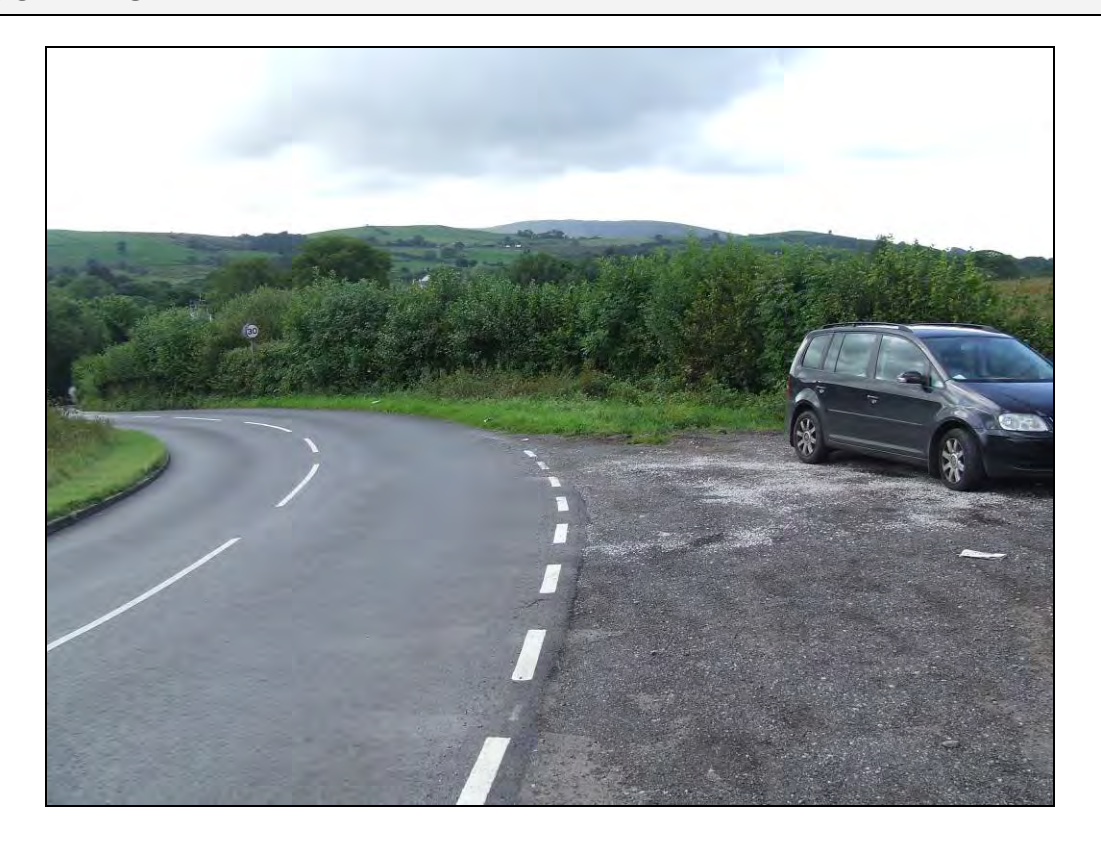
Photo 1: Perimeter – Layby off Kirkland Road adjoining the north eastern corner of the site, looking south west
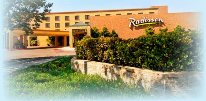
Santa Maria Radisson
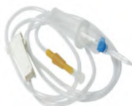
Infusion Set, with Air Inlet - 21G
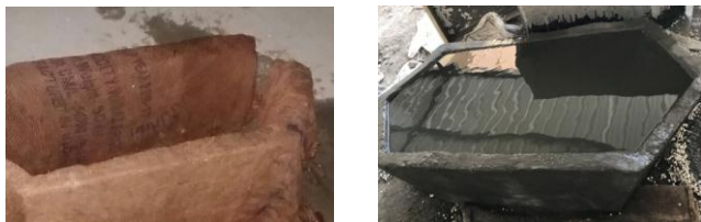
Fig -6: Curing
○ ○ ○ ○ ○
What you should do: Every line of the listing above is to be set down verbatim, without the pictures.

Exercise result:
Photo 1: Perimeter – Layby off Kirkland Road adjoining the north eastern corner of the site, looking south west
Santa Maria Radisson
Infusion Set, with Air Inlet - 21G
Fig -6: Curing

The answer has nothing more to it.